The weak answer: better prompts
The first instinct is to make the prompt stronger. Tell the model not to reveal secrets. Tell it not to follow instructions from external content. Tell it to ignore malicious input. Tell it to obey the developer message above everything else.
This is necessary, but it is not enough. A prompt is a rule written in language and interpreted by a probabilistic system. That is useful, but it is not the same thing as an enforcement boundary. A written instruction can be misunderstood, bypassed, contradicted, or overwhelmed by context. It can reduce risk, but it should not carry the whole weight of security.
Think about it. We would never secure a banking system by writing a polite paragraph that says: please do not transfer money unless the user is authorized. We enforce authorization outside the paragraph. We check permissions. We validate requests. We log actions. We require approvals for sensitive operations. We create limits.

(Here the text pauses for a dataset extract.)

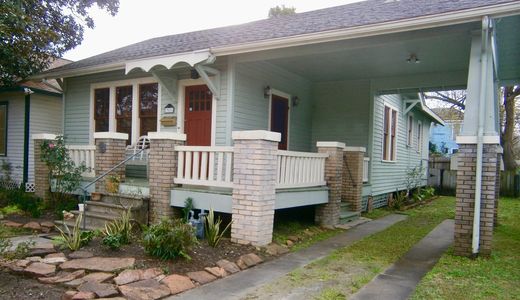 Circa 1926, original hardwood floors, 3 over 1 windows with a large living room that flows in the dining room and kitchen designed for comfortable living, in this 2 bedroom 1 bath home. The strain woodwork is a must see. Porte Cocheres adds to the charm and provides covered off street parking. Large shaded back yard with storage/garage adds extra parking with a few adjustments. Perfect 2nd home, started home or income producing rental. No flooding into home from Ike or Harvey.

AI systems should be treated the same way. The model can reason, summarize, classify, and recommend. It should not become the only line between an attacker and a real action.
Where governance starts
Governance starts by separating influence from authority. The model will always be influenced by context. That is how it works. It reads text and responds based on that text. The mistake is allowing every influenced response to become an authorized action.
A better design asks practical questions before the agent is deployed. What sources are trusted? What sources are untrusted? What actions are low-risk? What actions are high-risk? Which actions can be done automatically? Which actions require human approval? Which actions are forbidden completely?
This is not glamorous work. It does not look as exciting as a demo where an agent completes an entire business process by itself. But this is the work that makes AI usable in serious environments. Enterprises do not only care whether the agent can perform a task. They care whether the task was performed under the right authority.
The distinction matters. An AI agent reading a customer email should be able to summarize it. It might be allowed to draft a response. It might even be allowed to suggest a refund. But sending the refund, changing account status, exposing customer data, or escalating privileges should be controlled by policy and approval rules outside the model.
That is the difference between helpful automation and blind delegation.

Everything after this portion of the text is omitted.